Entries provided —
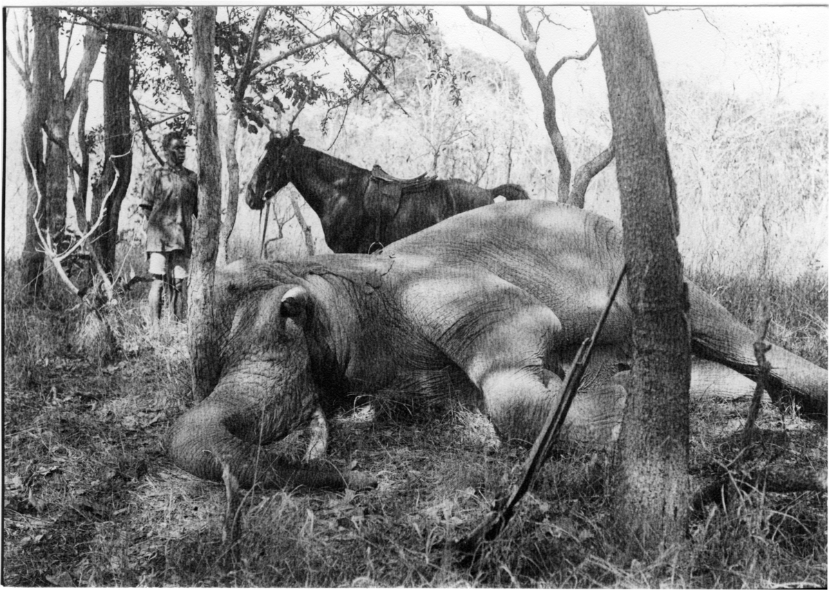 'Diverse fotografier från bl.a. dåvarande Nordrhodesia, nu Zambia, tagna av Konsul Magnus Leijer. :: :: En man stående vid en fälld elefant. I bakgrunden står en häst. Runt omkring är träd och i förgrunden står ett gevär lutat mot ett träd.'
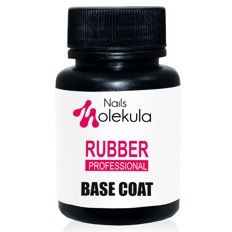 Molekula Rubber Base Professional - каучукова основа для гель-лаку легка в нанесенні та економічна. Базу достатньо нанести на один тонкий шар для вирівнювання поверхні нігтів. Створює стійке еластичне гумове покриття. Унікальна хімічна формула дозволяє гель-лаку добре та легко наноситися. Самовирівнююча основа створює гладку поверхню і забезпечує міцне зчеплення нігтьової пластини з шаром гель-лаку. Консистенція бази середньої в'язкості має дисперсійний (липкий) шар.
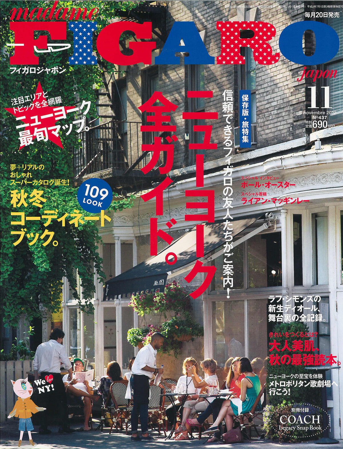 考えてみると大変な旅特集の担当デスクを長年やっていて、「この号は印象が強い」と心に残っているものがある。今号のニューヨーク特集は特に好きだった。ニューヨーカーが推薦するニューヨークは、時にパリを超えておもしろい気がする。変化に富んでいるし、カルチャーはパリ同様あるし。推薦人のなかには、話題のレストランターや、アレキサンダー・ワンもいた。ポール・オースターにインタビューしたり、ライアン・マッギンレーの写真も掲載した。そして矢吹杏子氏(当時は在NY)の描くファッショニスタキャッツもハイブランドのブティックを案内してくれた。キャッツたちは後にmadameFIGARO.jpにて占いコーナーにも登場する人気猫。カルチャー記事に、ラフ・シモンズになったばかりのディオールのルポやメトロポリタン歌劇場の紹介も。スタイリスト提案のコーディネートブック計109ルック、というのも定番化していってゴージャスな出来栄えだった。
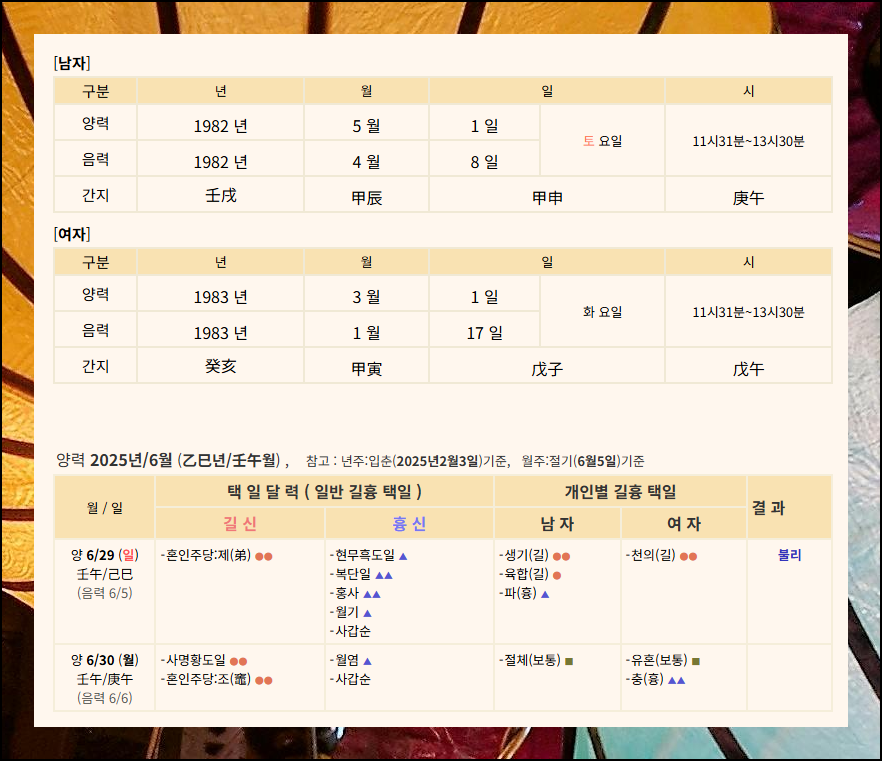 이처럼 길한 날과 흉한 날을 구분하는 것은 생각보다 어렵지 않아요. 온라인 택일 서비스를 잘 활용하면 누구나 쉽게 좋은 일정을 찾을 수 있습니다. 복된 날을 선택해서 행복한 결혼 생활의 첫걸음을 기분 좋게 나아가시길 바라도록 할께요.
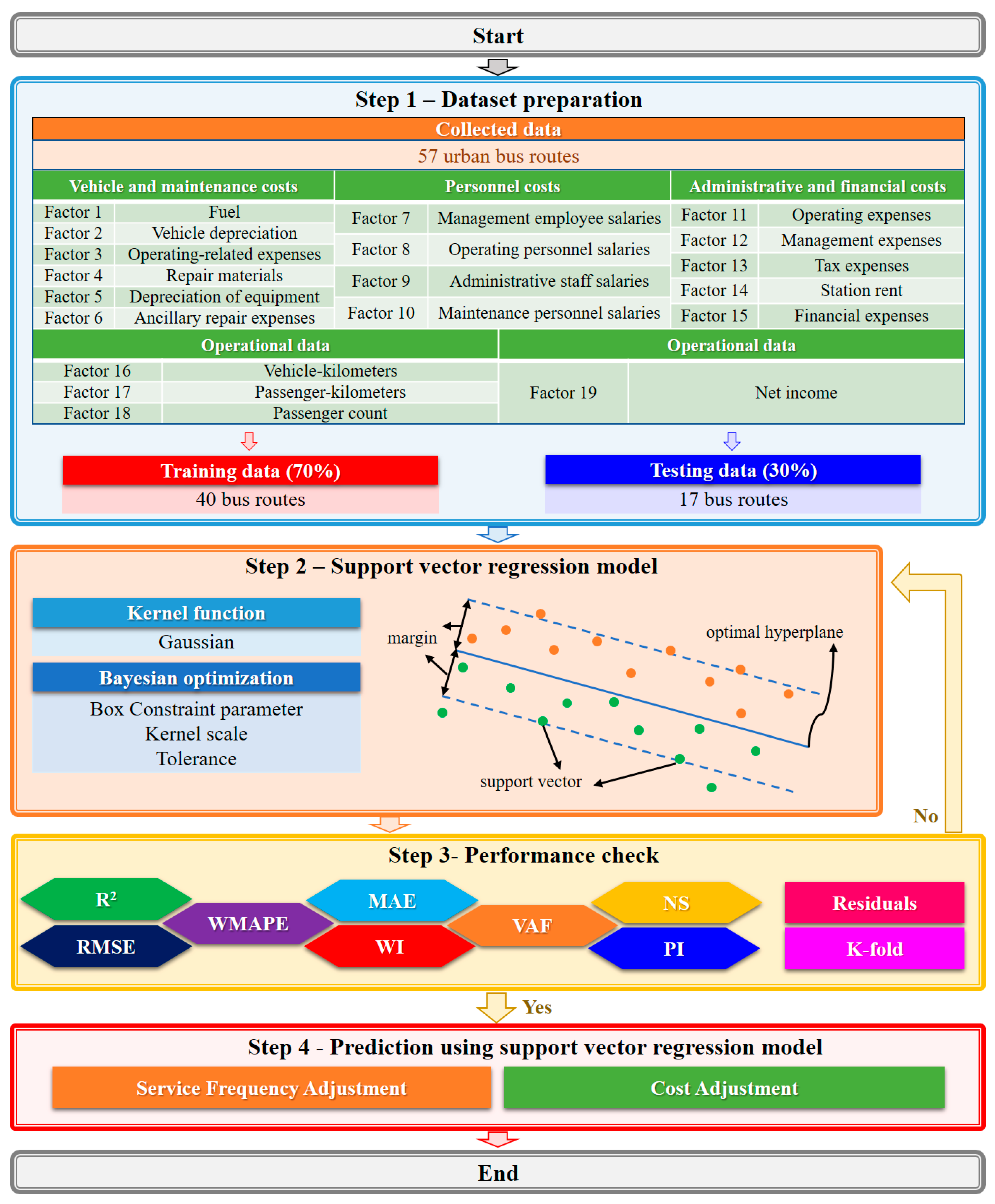 In this study, the SVR model was employed to develop a regression model for bus net income. The SVR is an extension of the support vector machine for regression tasks [
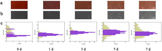 The color change of WPNFs-PU-ACN/Gly edible film and the corresponding grayscale range at 25 °C for different storage times (0, 1, 3, 5, and 7 days): (a) actual color change of WPNFs-PU-ACN/Gly edible film, (b) color change of WPNFs-PU-ACN/Gly edible film after grayscale, (c) grayscale range corresponding to the color change of WPNFs-PU-ACN/Gly edible film.

Work required — The expected output is every entry above, character for character, with no pictures.

Completed exercise —
 'Diverse fotografier från bl.a. dåvarande Nordrhodesia, nu Zambia, tagna av Konsul Magnus Leijer. :: :: En man stående vid en fälld elefant. I bakgrunden står en häst. Runt omkring är träd och i förgrunden står ett gevär lutat mot ett träd.'
 Molekula Rubber Base Professional - каучукова основа для гель-лаку легка в нанесенні та економічна. Базу достатньо нанести на один тонкий шар для вирівнювання поверхні нігтів. Створює стійке еластичне гумове покриття. Унікальна хімічна формула дозволяє гель-лаку добре та легко наноситися. Самовирівнююча основа створює гладку поверхню і забезпечує міцне зчеплення нігтьової пластини з шаром гель-лаку. Консистенція бази середньої в'язкості має дисперсійний (липкий) шар.
 考えてみると大変な旅特集の担当デスクを長年やっていて、「この号は印象が強い」と心に残っているものがある。今号のニューヨーク特集は特に好きだった。ニューヨーカーが推薦するニューヨークは、時にパリを超えておもしろい気がする。変化に富んでいるし、カルチャーはパリ同様あるし。推薦人のなかには、話題のレストランターや、アレキサンダー・ワンもいた。ポール・オースターにインタビューしたり、ライアン・マッギンレーの写真も掲載した。そして矢吹杏子氏(当時は在NY)の描くファッショニスタキャッツもハイブランドのブティックを案内してくれた。キャッツたちは後にmadameFIGARO.jpにて占いコーナーにも登場する人気猫。カルチャー記事に、ラフ・シモンズになったばかりのディオールのルポやメトロポリタン歌劇場の紹介も。スタイリスト提案のコーディネートブック計109ルック、というのも定番化していってゴージャスな出来栄えだった。
 이처럼 길한 날과 흉한 날을 구분하는 것은 생각보다 어렵지 않아요. 온라인 택일 서비스를 잘 활용하면 누구나 쉽게 좋은 일정을 찾을 수 있습니다. 복된 날을 선택해서 행복한 결혼 생활의 첫걸음을 기분 좋게 나아가시길 바라도록 할께요.
 In this study, the SVR model was employed to develop a regression model for bus net income. The SVR is an extension of the support vector machine for regression tasks [
 The color change of WPNFs-PU-ACN/Gly edible film and the corresponding grayscale range at 25 °C for different storage times (0, 1, 3, 5, and 7 days): (a) actual color change of WPNFs-PU-ACN/Gly edible film, (b) color change of WPNFs-PU-ACN/Gly edible film after grayscale, (c) grayscale range corresponding to the color change of WPNFs-PU-ACN/Gly edible film.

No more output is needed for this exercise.